Brisbane GP and senior lecturer in general practice at the University of Queensland Dr Andrew Gunn believes vaccine side-effects would be grossly under-reported.

“People have things happen to them and you don’t necessarily link it to a vaccine,” he says.

“Even if something is clear cut, it is usually fairly minor… and usually you are so busy dealing with things that the reports don’t go off.”

Like Dr Hambleton, Dr Gunn feels that computer software that involves ‘ticking boxes’ would make it easier to report.

Consumers Health Forum executive director Carol Bennett sympathises with GPs, acknowledging that the process is burdensome in a profession already overloaded with paperwork.

“It is time-consuming for GPs when they are already very busy. You are asking them to print off a blue form, fill it in and send it off with no necessarily good feedback about what ends up happening with that information, so where’s the incentive?” says Ms Bennett.

But equally important, she says, is the need for a clear set of criteria in determining safety signals.

“If you don’t have a clear set of criteria around what constitutes a signal it’s very difficult to see how the system will be more responsive. It will simply be a data repository that doesn’t necessarily respond to emerging concerns,” she says.
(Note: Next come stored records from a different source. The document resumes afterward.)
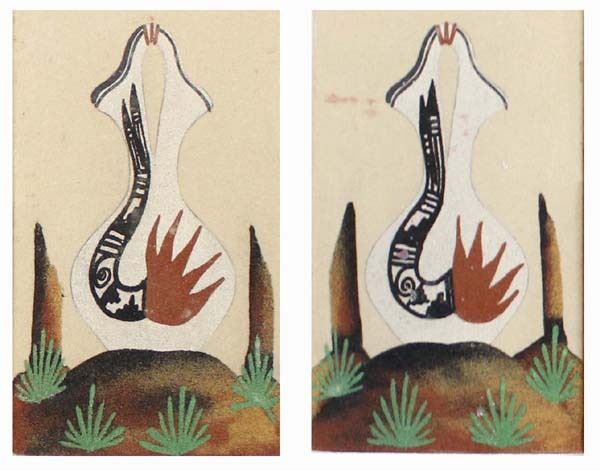 Two Native American Sand Paintings, by R. Sloan. 2 measure 6" x 12", 2 measure 12" x 12".
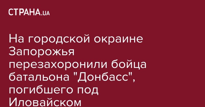 На кладбище, расположенном на городской окраине Запорожья, перезахоронили погибшего под Иловайском солдата батальона "Донбасс", сообщает УНН.
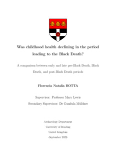 Botta, F. N. (2024) Was childhood health declining in the period leading to the Black Death? A comparison between early and late pre-Black Death, Black Death, and post-Black Death periods. PhD thesis, University of Reading. doi: 10.48683/1926.00116527

But Dr Crampton says that reporting every subsequent event would actually add to the time GPs spent on reporting adverse events.

“If the direction was to report absolutely everything... you would have an enormous potential for an array of reports and an enormous potential impact on the clinician’s workflow,” he says.
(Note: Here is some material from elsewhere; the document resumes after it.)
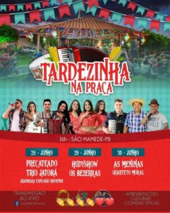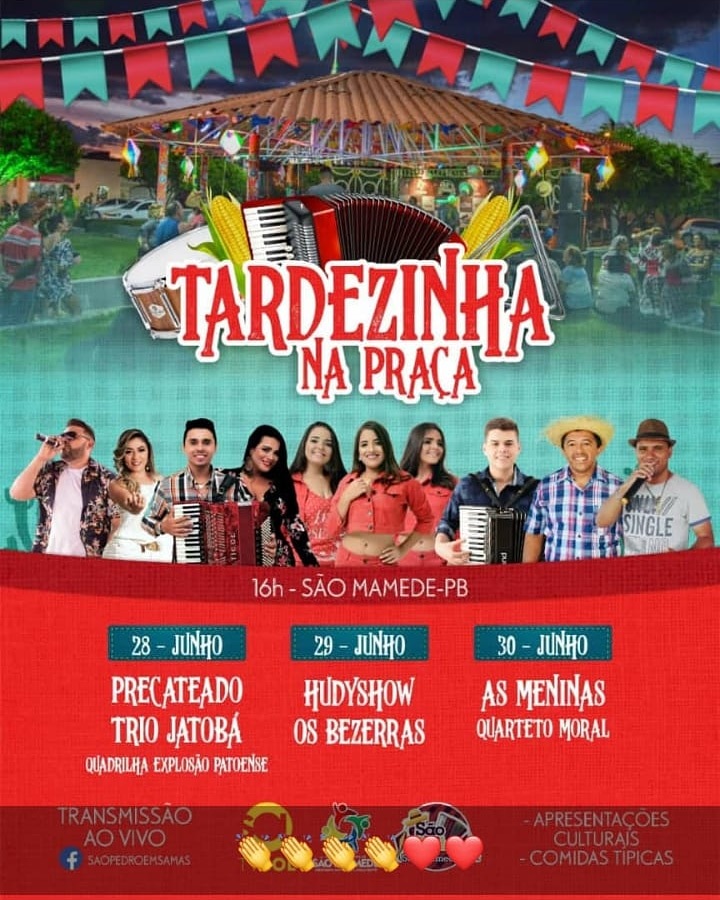 Começa a partir das 16 horas desta sexta-feira, 28, e vai até o domingo (30), o evento Tardezinha na Praça, dentro dos festejos do tradicional São Pedro do município São Mamede, com apresentações culturais e comidas típicas.

National Centre for Immunisation Research and Surveillance Associate Professor Kristine Macartney says the reporting system needs to be easier for healthcare providers, but should focus on unusual, severe and unexpected reactions.

“The way GPs report adverse events currently varies significantly between the different states and territories and there are some improvements to be made to streamline and make it easier for GPs to report,” she says.

“GPs shouldn’t feel they need to make the link themselves, but by the same token any system that encourages reporting does so with an acknowledgement that many of the mild and expected reactions… can be managed by the immunisation provider, and parents can be given guidance about that.”

Also high on the agenda is getting right the recommendations of improved communication and better governance.

As Ms Bennett points out, real-time reporting would have overcome some of the delays in communication between the TGA and the West Australian Government during last year’s immunisation program.

“The fact that there were no clear governance arrangements in place was of particular concern,” she says.

“What we can do is strengthen the current system. We need some clarity around the roles and responsibilities and the criteria on which you base decisions, when to act and when not to and what information to give the community and when to hold information.”

The recommendations

1. Improved governance of the Vaccine Safety System, which may include the establishment of a Vaccine Safety Committee.

2. Improving management of adverse events from immunisations through the development of surveillance objectives, protocols and procedures.

3. Improvement of the national system for timely reporting of adverse events following immunisation.

4. Better education of jurisdictions, health professionals and consumers of vaccine safety monitoring processes.

5. Establishment of protocols around when to take action if a safety signal is detected.

6. Improved transparency of the TGA’s vaccine safety monitoring processes.

7. Development of e-health strategies around collection of vaccine usage and safety monitoring data.